### Your task
Pictures are to be left out, and only the lines below starting at the one with "Alto LIVE 1604" and ending at the one with "GTMがフォームの動作を検知するために必要な「変数」を有効にします。" are to be reproduced, each exactly, both ends included.

### Dataset records
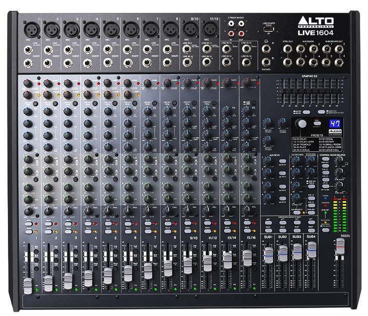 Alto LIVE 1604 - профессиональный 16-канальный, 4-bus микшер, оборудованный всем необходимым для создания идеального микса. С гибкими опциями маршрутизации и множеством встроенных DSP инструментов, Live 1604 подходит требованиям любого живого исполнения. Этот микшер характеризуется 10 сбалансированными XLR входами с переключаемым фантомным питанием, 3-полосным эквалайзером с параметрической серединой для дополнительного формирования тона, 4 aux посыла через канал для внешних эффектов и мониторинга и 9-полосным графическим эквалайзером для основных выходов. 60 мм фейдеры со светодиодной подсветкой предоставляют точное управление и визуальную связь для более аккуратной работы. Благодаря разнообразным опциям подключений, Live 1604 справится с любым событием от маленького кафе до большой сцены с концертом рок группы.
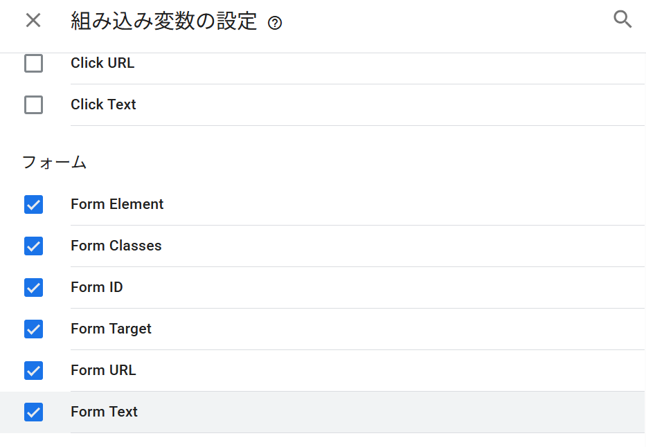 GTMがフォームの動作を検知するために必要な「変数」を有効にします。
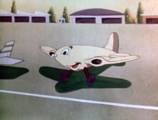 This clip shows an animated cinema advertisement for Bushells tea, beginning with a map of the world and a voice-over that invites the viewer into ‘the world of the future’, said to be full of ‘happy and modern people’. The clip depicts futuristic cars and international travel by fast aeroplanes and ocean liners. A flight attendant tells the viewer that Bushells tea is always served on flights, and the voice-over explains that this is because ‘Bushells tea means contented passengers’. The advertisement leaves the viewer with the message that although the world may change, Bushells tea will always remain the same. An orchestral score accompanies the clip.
==
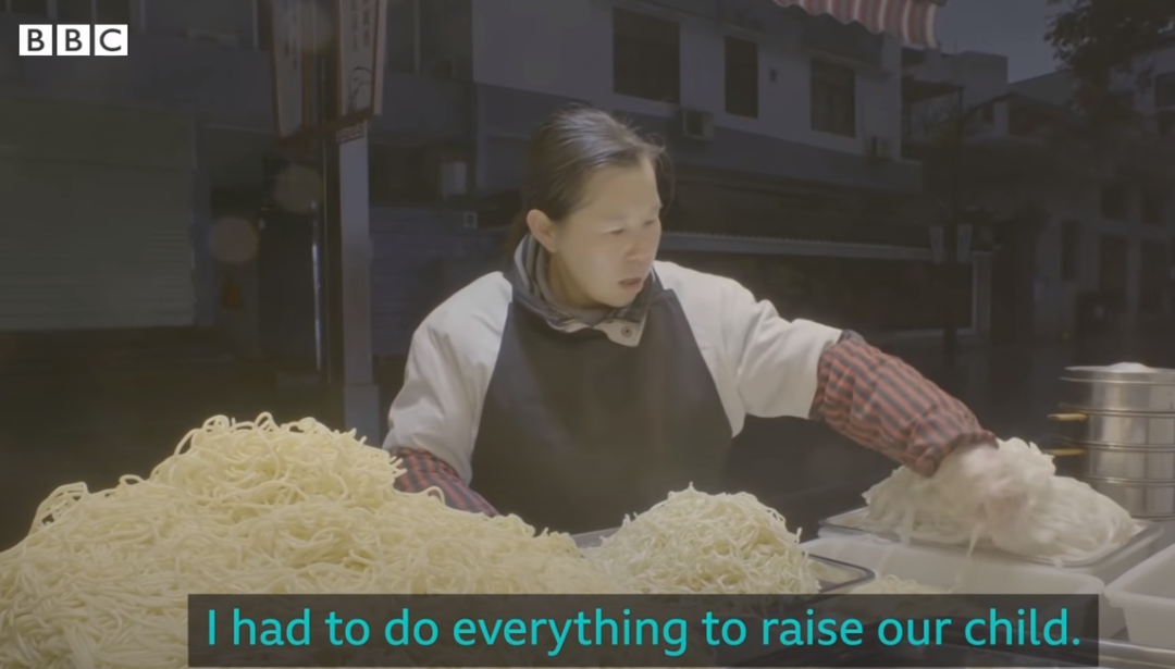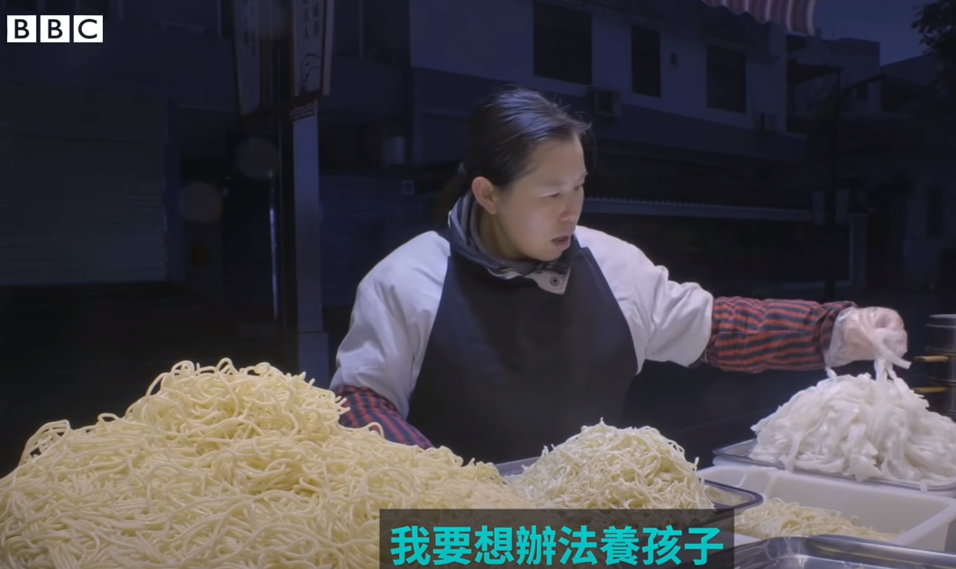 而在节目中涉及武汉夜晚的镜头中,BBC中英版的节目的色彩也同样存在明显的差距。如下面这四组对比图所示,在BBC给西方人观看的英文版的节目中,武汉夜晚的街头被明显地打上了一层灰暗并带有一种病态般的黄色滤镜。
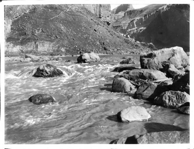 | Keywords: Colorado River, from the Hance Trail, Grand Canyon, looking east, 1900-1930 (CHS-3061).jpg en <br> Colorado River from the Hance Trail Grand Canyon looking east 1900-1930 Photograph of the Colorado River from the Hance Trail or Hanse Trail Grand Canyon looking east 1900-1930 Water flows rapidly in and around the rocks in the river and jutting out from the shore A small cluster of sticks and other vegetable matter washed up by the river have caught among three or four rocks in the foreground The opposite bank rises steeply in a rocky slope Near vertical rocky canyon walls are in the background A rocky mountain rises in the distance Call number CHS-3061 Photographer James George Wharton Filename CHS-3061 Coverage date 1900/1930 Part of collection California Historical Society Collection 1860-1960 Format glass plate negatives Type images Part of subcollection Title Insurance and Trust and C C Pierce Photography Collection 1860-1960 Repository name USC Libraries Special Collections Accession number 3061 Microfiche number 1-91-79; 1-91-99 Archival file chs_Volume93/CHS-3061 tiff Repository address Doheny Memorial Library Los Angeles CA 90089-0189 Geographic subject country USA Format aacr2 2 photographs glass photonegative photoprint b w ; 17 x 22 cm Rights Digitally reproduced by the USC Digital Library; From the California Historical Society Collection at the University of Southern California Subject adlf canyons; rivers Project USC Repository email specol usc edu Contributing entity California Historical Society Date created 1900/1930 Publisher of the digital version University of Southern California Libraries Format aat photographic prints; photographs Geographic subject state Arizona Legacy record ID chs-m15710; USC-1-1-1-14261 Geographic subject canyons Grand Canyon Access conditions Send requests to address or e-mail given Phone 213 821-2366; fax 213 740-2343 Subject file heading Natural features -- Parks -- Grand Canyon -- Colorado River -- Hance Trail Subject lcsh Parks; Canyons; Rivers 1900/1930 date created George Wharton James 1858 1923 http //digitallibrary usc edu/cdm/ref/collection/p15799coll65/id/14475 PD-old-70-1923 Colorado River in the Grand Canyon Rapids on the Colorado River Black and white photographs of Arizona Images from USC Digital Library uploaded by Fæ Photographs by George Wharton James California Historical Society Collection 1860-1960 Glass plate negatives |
==
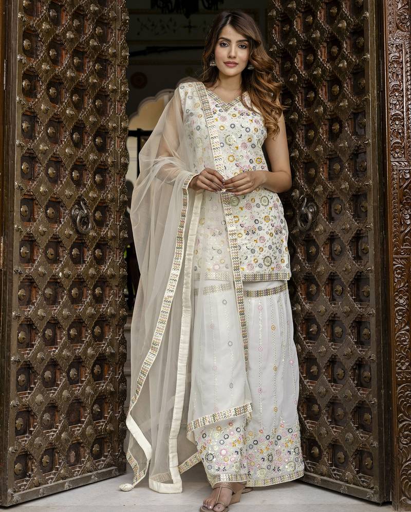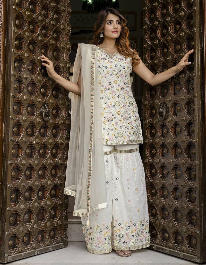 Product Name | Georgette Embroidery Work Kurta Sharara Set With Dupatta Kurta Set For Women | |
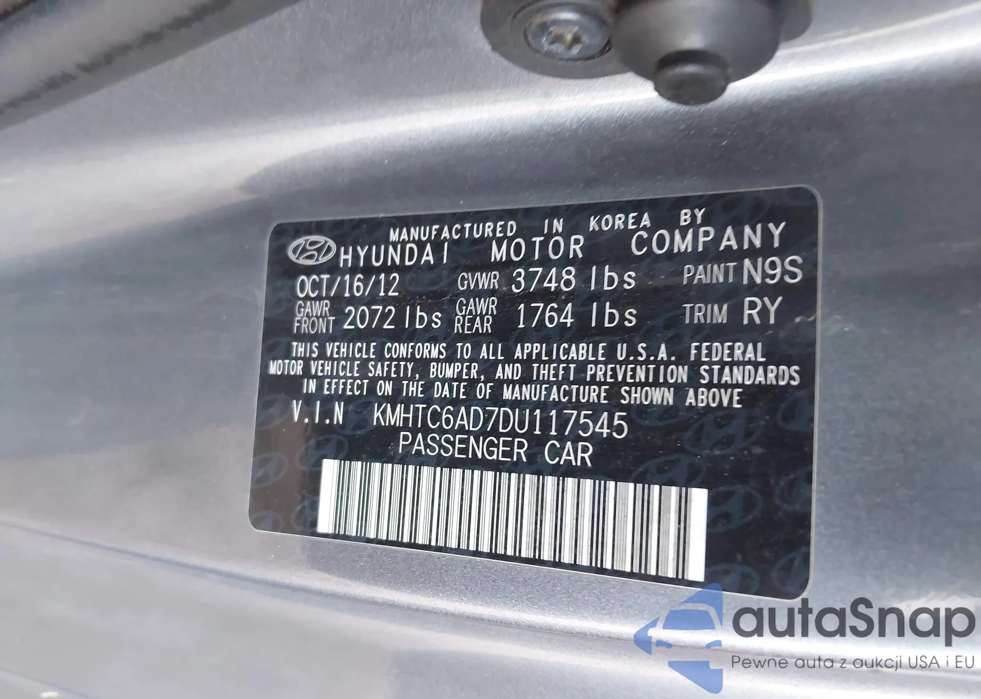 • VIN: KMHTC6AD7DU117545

### Exercise result
 Alto LIVE 1604 - профессиональный 16-канальный, 4-bus микшер, оборудованный всем необходимым для создания идеального микса. С гибкими опциями маршрутизации и множеством встроенных DSP инструментов, Live 1604 подходит требованиям любого живого исполнения. Этот микшер характеризуется 10 сбалансированными XLR входами с переключаемым фантомным питанием, 3-полосным эквалайзером с параметрической серединой для дополнительного формирования тона, 4 aux посыла через канал для внешних эффектов и мониторинга и 9-полосным графическим эквалайзером для основных выходов. 60 мм фейдеры со светодиодной подсветкой предоставляют точное управление и визуальную связь для более аккуратной работы. Благодаря разнообразным опциям подключений, Live 1604 справится с любым событием от маленького кафе до большой сцены с концертом рок группы.
 GTMがフォームの動作を検知するために必要な「変数」を有効にします。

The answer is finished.